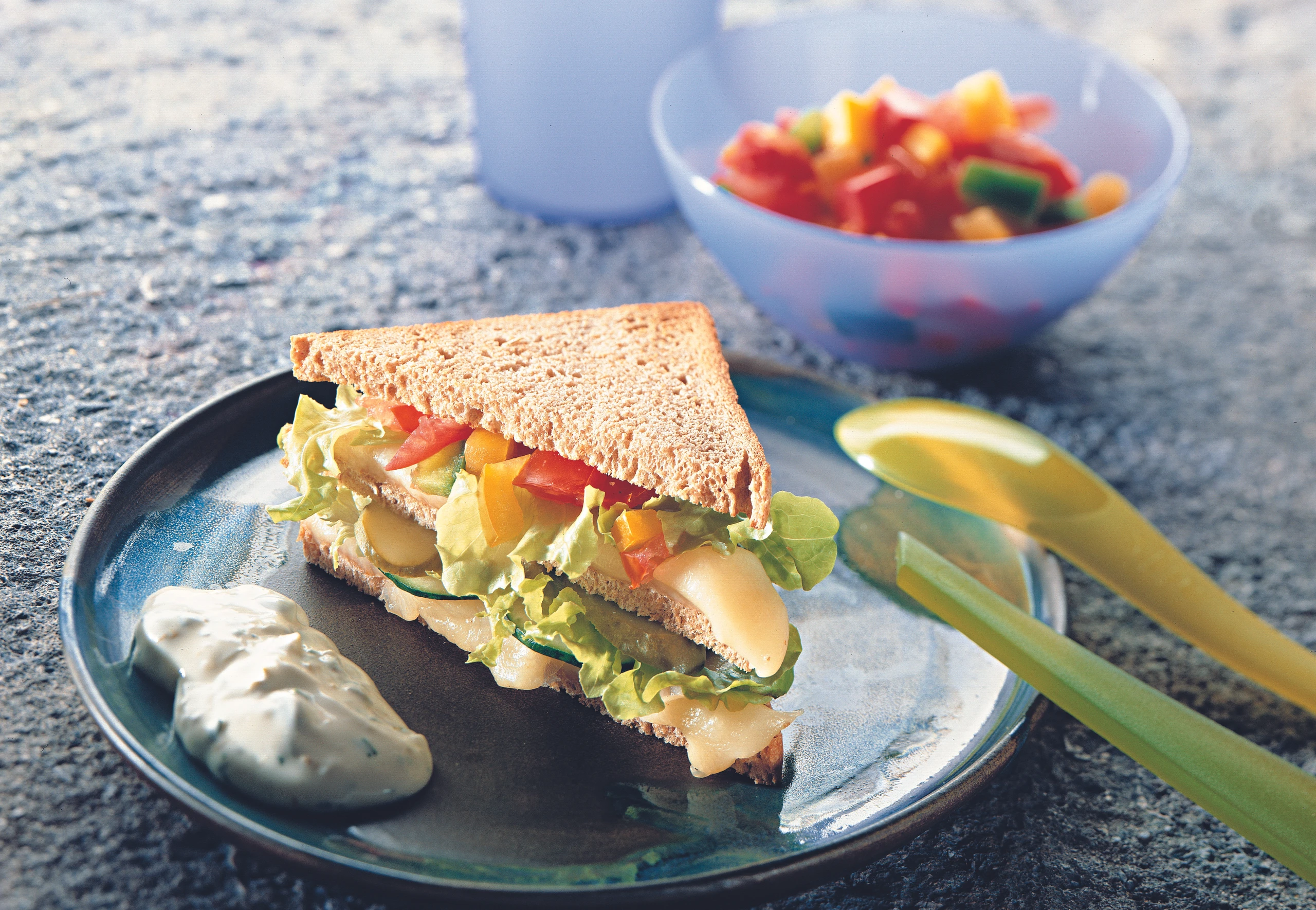 Gemüse-Käse-Toasts mit Joghurt-Senfsauce
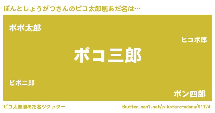 | 男性向けラノベタイトル風あだ名 | 『ぼんとしょうがつの憂鬱』 |
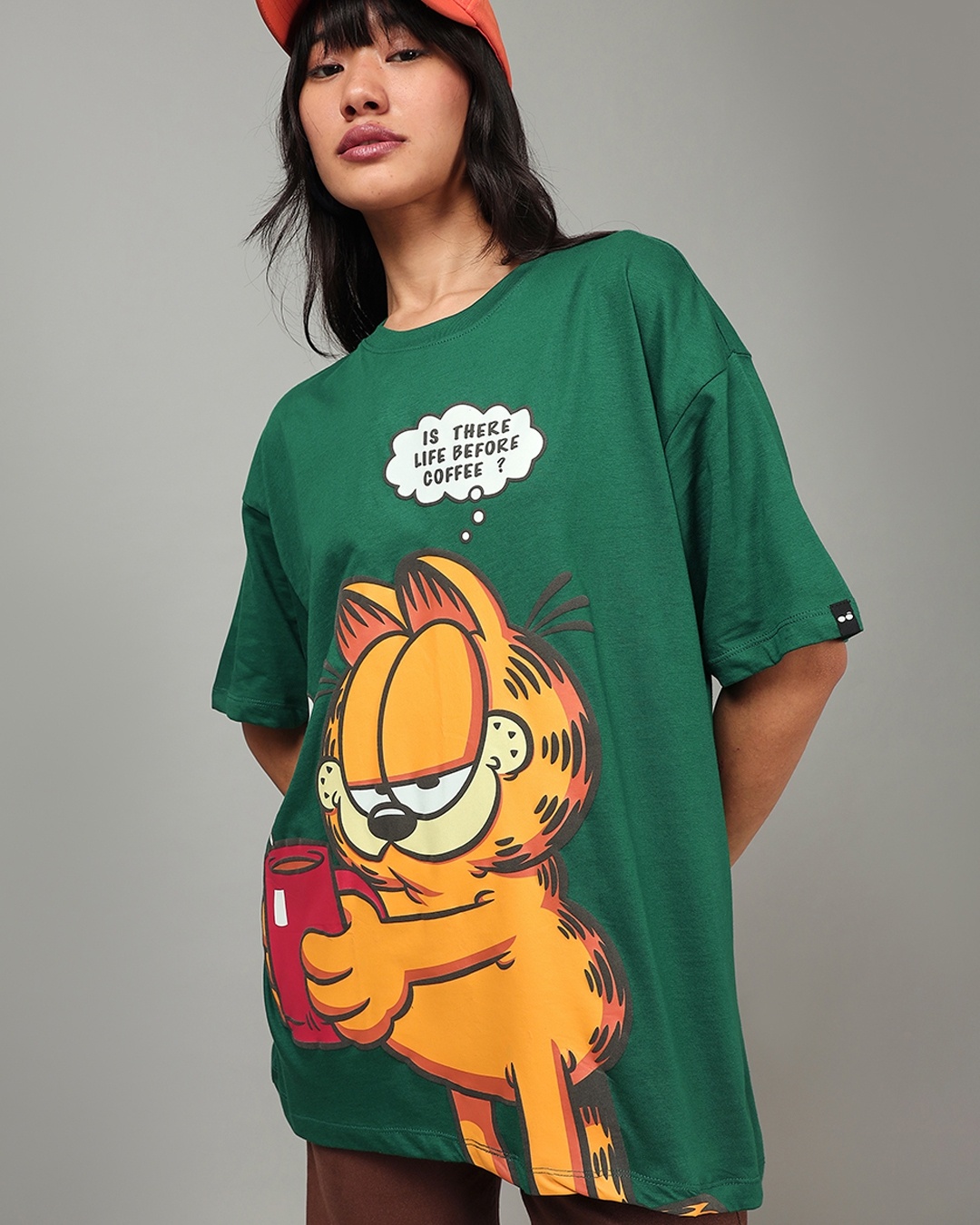 Women's Green Rock Garfield Graphic Printed Oversized T-shirt
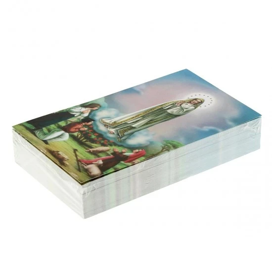 Confezione da 100 immagini della Madonna di Fatima con pastorelli in cartoncino. Il retro dell’immagine è senza scritta. Made in Italy
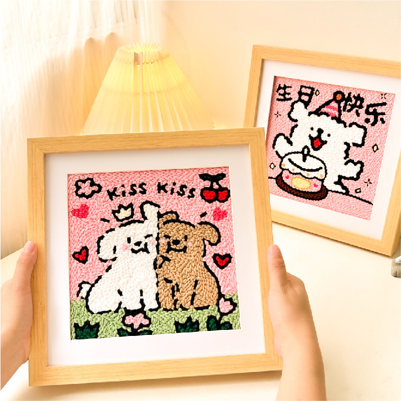 戳戳绣情侣礼物diy手工刺绣材料包可爱狗狗毛线画新手解压礼物
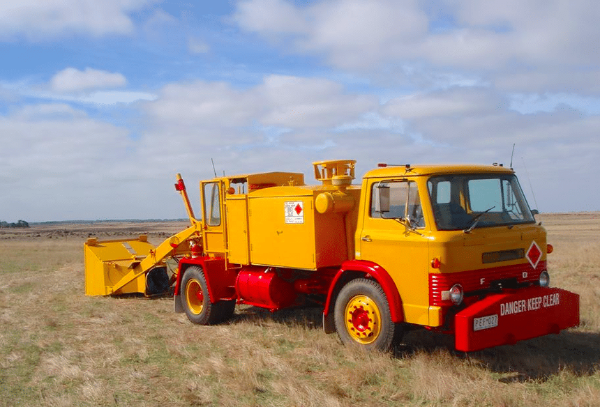 Le modèle nous renseigne en revanche sur l’époque. Il s’agit d’un Ford série D, camion qui fut parmi les plus populaires de sa génération. Conçu au Royaume-Uni et fabriqué de 1965 à 1981 (remplacé par le Ford Cargo)), il sera largement exporté dans le monde, y compris en France. Celui-ci, avec sa conduite à droite et son inscription en anglais sur le pare-chocs (pas d’origine d’ailleurs, et pourquoi ?) n’était manifestement pas en service chez nous. Mais où ? Et surtout, pour quoi faire ?
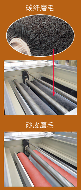 隨著磨毛織物在服裝面料上的大規(guī)模采用,磨毛織物的生產(chǎn)也越來越受到廠家的重視。磨毛機是織物的后整理設(shè)備,織物經(jīng)磨毛后表面豐滿挺括、手感絨柔舒適,布匹厚重感增強。MB358型砂皮與碳纖維組合磨毛機,具有適應(yīng)范圍寬、自動化程度高、傳動簡練、操作方便等優(yōu)點,適用于機制布、低彈性織物的磨毛,磨毛輥采用鋼輥包覆砂紙的形式?;驗槟チ夏猃埥z形式,適用于織物的柔式磨毛,對織物表面纖維損傷程度小,起到使織物柔軟、產(chǎn)生做舊的效果,這兩種結(jié)構(gòu)基本一致。
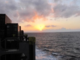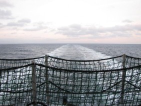 Mittwochmorgen war ich etwas gerädert – hatte kaum geschlafen. Das Be-und Entladen der Container und das Festzurren macht schon einen Heidenlärm – nachts kommt einem das Maschinengeräusch auch besonders laut vor.
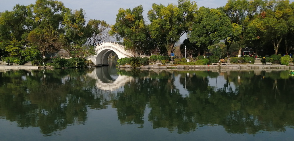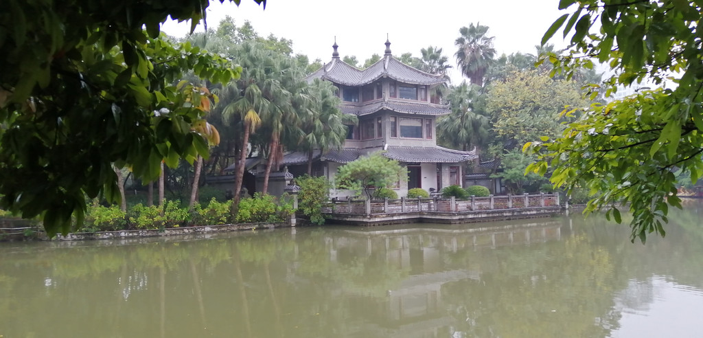 过了文昌大桥,回到南岸,左手边有一座小山,走近,山下有一座公园,那是架鹤山公园,山脚下有一书院,也以架鹤命名,也有溶洞和上山的道,有池塘,有歌台,游人极少,绕着池塘走一圈,到书院的对岸,再看那景致,宛若世外桃源般幽静和优美。

● WHAT THE EXERCISE ASKS
Repeat exactly the lines above, beginning at the one containing "男性向けラノベタイトル風あだ名 | 『ぼんとしょうがつの憂鬱』 |" and ending at the one containing "戳戳绣情侣礼物diy手工刺绣材料包可爱狗狗毛线画新手解压礼物". Do not carry over any pictures.

● EXERCISE RESPONSE
 | 男性向けラノベタイトル風あだ名 | 『ぼんとしょうがつの憂鬱』 |
 Women's Green Rock Garfield Graphic Printed Oversized T-shirt
 Confezione da 100 immagini della Madonna di Fatima con pastorelli in cartoncino. Il retro dell’immagine è senza scritta. Made in Italy
 戳戳绣情侣礼物diy手工刺绣材料包可爱狗狗毛线画新手解压礼物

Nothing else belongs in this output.